One of the challenges in our study was the strict classification of land-cover as non-forest and logged-forest. Our ROI includes areas that often flood in the monsoon changing the percentages of these areas every year. New road construction or mining in recently logged forests can be classified as non-forest, while previously cleared primary forest can show regrowth as secondary vegetation. The difficult terrain in the region makes robust collection of ground-control points challenging. Hence, we make the following suggestions: 1) dry summer season images are best to distinguish secondary and non-woody vegetation from primary forest, 2) a binary classification system of forest and non-forest, and 3) forest loss estimations within a completely forested region such that loss in later years can be detected using year-to-year image subtraction techniques. However, we hope our work is a step towards achieving accurate forest loss estimates for an under-explored, mountainous region with exceptional forests and biodiversity.

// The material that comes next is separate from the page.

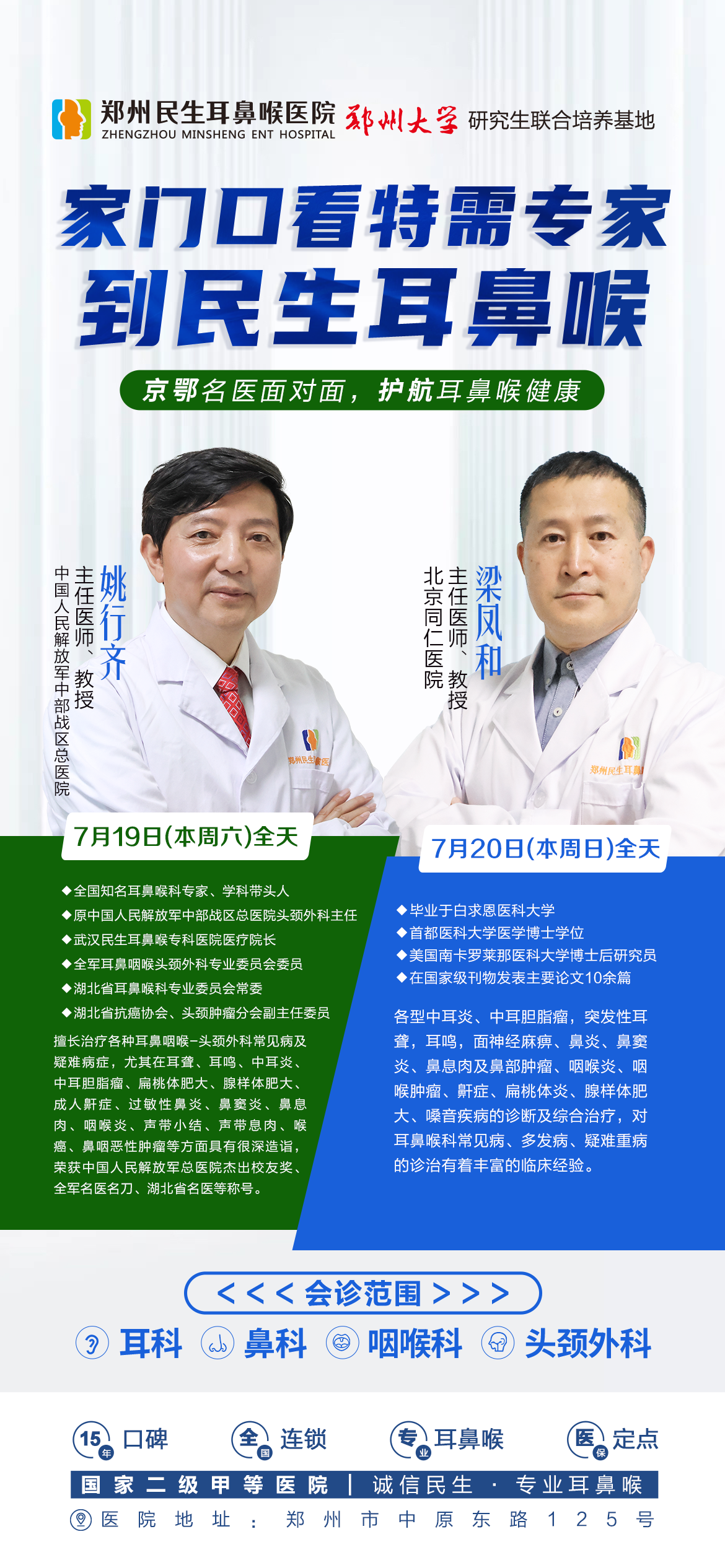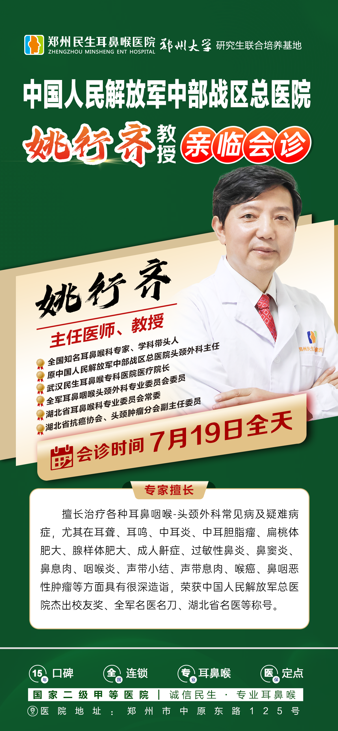 7月19-20日,中国人民解放军中部战区总医院姚行齐教授、北京同仁医院耳鼻喉专家梁凤和教授亲临郑州民生耳鼻喉医院,为郑州及周边患者提供专业、高效、精准的诊疗服务!

The key management measures to stop the illegal logging are 1) a complete ban on the use/sale and possession of mechanized chainsaws in the area. While prohibitory orders have been issued in the past by the district administration, these have not been enforced, 2) stopping the unregulated movement of hired labour from the neighbouring state into Arunachal Pradesh for their use in illegal logging and transportation activities, 3) a thorough on-ground survey of the areas affected along with official and transparent records of seizure and disposal of seized timber from inside the forest and from illegal timber depots 3) night patrolling by police/Forest Department staff on all possible movement routes to stop the movement of trucks carrying timber out of the state, 4) the establishment of regular forest and/or community monitoring patrols to check illegal felling within the RF and 5) a constant monitoring of the state of forest cover by an external agency to ensure that illegal logging has been stopped. In the long-term, for better governance, clarity in the use and ownership of forest land also needs to be addressed under the law given that some of the designated forest area is under settlements and multiple use areas by people.
Code Availability
The code for image classification publicly available on https://github.com/monsoonforest/deforestation/blob/master/randomForest-image-classification.
Data Availability
RapidEye and PlanetScope datasets are not openly available as Planet Labs is a commercial company. CS obtained the datasets through Planet Lab’s Education and Research program upon application. The classified land-cover datasets can be made available upon request from the authors.
Author contributions
AD and CS conceived the idea and the study; DP and AD provided field data; CS analysed the data; AD and CS wrote the paper with inputs from DP.
Conflict of Interest
The authors declare that they have no conflict of interest.
Acknowledgments
We thank Rohit Naniwadekar, TR Shankar Raman, Divya Mudappa, Kulbhushuan Suryawanshi, Charudutt Mishra for comments on earlier drafts of the paper. We thank the field staff and nest protectors from the Nyishi community for monitoring and protecting the hornbill nests and several local community leaders for their help and support for the conservation program. CS is grateful to M. Raghurama, S. Virdi and S. Pulla for suggestions that improved the analyses. We are grateful to Planet Labs for providing access to their data to CS via their education and research program.